(Extracted entries begins)

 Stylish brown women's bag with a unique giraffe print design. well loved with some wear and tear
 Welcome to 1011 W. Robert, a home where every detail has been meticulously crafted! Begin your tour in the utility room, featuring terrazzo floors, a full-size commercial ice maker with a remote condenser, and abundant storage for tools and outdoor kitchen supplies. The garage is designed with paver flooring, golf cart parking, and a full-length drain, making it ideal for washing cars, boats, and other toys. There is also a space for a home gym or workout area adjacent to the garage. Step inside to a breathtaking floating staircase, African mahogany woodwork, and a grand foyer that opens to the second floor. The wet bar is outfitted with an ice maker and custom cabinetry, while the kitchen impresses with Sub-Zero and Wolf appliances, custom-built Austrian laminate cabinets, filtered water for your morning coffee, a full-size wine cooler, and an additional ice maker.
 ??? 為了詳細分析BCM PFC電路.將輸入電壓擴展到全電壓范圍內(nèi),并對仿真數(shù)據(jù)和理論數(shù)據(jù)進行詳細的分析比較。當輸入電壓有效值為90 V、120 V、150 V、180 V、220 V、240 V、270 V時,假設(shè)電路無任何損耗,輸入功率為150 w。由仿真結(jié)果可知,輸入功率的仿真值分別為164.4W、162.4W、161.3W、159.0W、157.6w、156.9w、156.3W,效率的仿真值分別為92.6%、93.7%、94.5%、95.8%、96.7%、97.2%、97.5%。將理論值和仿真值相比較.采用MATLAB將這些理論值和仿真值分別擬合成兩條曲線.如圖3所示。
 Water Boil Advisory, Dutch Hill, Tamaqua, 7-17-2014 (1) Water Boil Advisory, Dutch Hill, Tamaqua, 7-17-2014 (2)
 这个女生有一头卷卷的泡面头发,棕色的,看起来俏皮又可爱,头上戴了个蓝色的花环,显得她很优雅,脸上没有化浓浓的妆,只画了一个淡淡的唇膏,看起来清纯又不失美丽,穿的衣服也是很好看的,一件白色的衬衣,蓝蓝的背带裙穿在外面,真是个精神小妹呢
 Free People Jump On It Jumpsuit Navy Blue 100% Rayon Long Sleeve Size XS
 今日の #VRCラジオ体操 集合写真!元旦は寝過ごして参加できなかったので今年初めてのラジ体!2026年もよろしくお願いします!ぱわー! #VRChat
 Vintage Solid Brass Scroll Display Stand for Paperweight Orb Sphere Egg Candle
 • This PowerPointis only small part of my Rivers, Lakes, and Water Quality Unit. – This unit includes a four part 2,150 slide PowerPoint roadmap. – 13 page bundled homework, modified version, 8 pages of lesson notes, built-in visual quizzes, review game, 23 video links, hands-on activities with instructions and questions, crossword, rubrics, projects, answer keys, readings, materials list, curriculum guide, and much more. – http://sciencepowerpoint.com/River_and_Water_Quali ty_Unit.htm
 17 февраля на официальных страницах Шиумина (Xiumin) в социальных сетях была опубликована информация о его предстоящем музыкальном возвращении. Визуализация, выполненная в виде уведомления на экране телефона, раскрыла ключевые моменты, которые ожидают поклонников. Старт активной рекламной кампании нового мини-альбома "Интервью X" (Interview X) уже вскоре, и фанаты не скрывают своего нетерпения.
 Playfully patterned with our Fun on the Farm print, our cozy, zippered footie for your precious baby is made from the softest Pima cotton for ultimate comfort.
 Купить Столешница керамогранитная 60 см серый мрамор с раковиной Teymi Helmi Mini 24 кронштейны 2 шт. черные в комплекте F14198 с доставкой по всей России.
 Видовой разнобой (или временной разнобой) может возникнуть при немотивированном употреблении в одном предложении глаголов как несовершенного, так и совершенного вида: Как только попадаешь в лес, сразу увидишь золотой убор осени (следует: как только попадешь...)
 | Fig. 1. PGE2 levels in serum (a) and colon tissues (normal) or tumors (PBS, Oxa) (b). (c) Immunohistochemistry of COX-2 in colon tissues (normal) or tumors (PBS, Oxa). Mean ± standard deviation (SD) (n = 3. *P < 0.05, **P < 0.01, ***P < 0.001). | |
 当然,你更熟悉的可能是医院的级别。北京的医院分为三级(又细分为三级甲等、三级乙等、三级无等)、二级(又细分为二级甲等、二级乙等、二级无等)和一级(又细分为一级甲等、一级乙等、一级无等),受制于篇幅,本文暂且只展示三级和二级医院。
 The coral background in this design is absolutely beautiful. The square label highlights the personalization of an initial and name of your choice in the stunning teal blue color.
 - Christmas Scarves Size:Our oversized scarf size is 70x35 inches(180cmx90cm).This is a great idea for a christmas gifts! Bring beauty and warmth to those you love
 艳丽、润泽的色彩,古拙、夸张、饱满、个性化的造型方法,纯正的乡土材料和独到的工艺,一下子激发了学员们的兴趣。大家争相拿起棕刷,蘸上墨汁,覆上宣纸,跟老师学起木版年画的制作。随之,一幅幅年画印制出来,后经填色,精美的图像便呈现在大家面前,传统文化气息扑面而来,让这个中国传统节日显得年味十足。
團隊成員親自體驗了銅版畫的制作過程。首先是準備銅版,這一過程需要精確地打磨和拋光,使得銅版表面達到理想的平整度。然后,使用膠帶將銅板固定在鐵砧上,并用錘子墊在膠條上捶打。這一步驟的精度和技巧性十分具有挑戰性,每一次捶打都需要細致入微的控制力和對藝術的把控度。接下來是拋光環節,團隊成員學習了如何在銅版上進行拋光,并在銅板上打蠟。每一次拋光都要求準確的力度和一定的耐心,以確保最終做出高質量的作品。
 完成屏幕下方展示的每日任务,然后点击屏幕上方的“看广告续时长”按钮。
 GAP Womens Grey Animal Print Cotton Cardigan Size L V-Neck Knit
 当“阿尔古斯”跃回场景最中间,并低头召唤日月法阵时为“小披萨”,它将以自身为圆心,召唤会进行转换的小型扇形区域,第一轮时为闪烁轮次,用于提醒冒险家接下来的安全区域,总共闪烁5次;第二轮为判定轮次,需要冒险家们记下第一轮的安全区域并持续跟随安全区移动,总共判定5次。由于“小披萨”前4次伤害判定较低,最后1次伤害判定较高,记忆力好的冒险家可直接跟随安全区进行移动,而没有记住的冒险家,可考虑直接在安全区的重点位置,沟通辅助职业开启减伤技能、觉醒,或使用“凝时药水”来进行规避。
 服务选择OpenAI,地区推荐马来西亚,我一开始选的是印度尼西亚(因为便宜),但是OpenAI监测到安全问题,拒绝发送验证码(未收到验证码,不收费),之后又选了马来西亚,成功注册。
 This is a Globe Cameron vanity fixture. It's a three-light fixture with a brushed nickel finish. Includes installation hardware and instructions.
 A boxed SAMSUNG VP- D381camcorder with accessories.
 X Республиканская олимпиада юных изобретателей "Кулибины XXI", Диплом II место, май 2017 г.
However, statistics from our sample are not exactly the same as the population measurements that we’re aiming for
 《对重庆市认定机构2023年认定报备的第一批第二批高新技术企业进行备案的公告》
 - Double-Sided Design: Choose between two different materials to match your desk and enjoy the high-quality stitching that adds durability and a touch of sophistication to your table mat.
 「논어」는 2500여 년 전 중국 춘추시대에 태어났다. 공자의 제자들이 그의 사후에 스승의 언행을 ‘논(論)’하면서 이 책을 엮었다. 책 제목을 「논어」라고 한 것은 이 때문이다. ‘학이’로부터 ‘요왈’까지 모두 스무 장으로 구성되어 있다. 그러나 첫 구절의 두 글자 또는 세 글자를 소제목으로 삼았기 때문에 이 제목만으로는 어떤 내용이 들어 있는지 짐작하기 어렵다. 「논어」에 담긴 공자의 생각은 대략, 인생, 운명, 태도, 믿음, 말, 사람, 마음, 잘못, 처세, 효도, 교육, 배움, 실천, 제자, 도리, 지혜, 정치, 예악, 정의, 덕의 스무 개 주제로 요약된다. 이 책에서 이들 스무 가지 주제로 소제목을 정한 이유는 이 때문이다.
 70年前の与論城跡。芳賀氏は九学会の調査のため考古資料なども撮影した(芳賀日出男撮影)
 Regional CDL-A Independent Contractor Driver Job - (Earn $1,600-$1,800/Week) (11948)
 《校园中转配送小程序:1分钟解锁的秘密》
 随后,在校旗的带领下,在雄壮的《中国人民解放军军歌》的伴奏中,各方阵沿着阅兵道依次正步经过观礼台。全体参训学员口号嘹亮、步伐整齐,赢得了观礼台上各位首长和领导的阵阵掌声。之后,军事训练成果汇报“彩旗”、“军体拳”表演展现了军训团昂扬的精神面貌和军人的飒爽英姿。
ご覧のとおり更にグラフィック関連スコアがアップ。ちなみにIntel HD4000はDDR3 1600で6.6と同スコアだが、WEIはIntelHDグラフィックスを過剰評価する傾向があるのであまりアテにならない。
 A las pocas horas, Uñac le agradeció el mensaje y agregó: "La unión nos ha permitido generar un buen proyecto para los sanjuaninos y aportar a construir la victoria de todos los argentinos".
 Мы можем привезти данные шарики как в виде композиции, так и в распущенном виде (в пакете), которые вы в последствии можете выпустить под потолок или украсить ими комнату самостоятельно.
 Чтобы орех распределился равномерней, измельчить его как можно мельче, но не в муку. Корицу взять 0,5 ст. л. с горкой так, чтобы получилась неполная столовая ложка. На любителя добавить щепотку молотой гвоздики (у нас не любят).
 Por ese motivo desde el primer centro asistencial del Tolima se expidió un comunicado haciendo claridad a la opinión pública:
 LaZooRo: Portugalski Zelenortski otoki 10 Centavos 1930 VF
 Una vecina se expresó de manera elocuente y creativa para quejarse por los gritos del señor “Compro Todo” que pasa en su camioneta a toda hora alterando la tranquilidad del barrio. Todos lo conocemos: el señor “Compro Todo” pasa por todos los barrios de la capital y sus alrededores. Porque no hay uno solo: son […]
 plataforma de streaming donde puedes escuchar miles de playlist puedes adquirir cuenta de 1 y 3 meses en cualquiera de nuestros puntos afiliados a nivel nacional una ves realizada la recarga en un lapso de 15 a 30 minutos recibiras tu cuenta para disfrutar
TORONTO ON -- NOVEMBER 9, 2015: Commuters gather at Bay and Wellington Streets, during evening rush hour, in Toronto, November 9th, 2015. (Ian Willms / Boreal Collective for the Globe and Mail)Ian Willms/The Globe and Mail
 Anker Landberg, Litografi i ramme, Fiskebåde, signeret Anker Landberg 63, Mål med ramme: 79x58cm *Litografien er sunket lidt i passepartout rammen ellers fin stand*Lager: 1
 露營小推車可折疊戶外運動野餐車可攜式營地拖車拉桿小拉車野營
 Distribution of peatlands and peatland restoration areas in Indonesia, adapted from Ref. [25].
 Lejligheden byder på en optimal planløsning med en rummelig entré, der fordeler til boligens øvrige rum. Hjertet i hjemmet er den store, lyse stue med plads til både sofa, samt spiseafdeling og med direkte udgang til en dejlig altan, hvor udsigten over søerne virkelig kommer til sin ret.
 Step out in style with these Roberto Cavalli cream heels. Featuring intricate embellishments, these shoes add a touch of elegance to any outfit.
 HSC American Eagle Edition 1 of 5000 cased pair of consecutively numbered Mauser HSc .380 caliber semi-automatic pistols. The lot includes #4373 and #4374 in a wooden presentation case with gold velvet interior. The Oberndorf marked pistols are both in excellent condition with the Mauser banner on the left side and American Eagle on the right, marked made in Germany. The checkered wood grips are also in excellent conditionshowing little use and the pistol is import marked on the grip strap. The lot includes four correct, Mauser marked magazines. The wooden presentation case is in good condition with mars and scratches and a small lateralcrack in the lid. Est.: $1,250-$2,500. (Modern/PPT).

(Extracted entries ends)

# Task to complete
The entries above hold a line with "Una vecina se" and a later line with "TORONTO ON -- NOVEMBER". Write out exactly those lines and all lines between, nothing more.

# The completed task
 Una vecina se expresó de manera elocuente y creativa para quejarse por los gritos del señor “Compro Todo” que pasa en su camioneta a toda hora alterando la tranquilidad del barrio. Todos lo conocemos: el señor “Compro Todo” pasa por todos los barrios de la capital y sus alrededores. Porque no hay uno solo: son […]
 plataforma de streaming donde puedes escuchar miles de playlist puedes adquirir cuenta de 1 y 3 meses en cualquiera de nuestros puntos afiliados a nivel nacional una ves realizada la recarga en un lapso de 15 a 30 minutos recibiras tu cuenta para disfrutar
TORONTO ON -- NOVEMBER 9, 2015: Commuters gather at Bay and Wellington Streets, during evening rush hour, in Toronto, November 9th, 2015. (Ian Willms / Boreal Collective for the Globe and Mail)Ian Willms/The Globe and Mail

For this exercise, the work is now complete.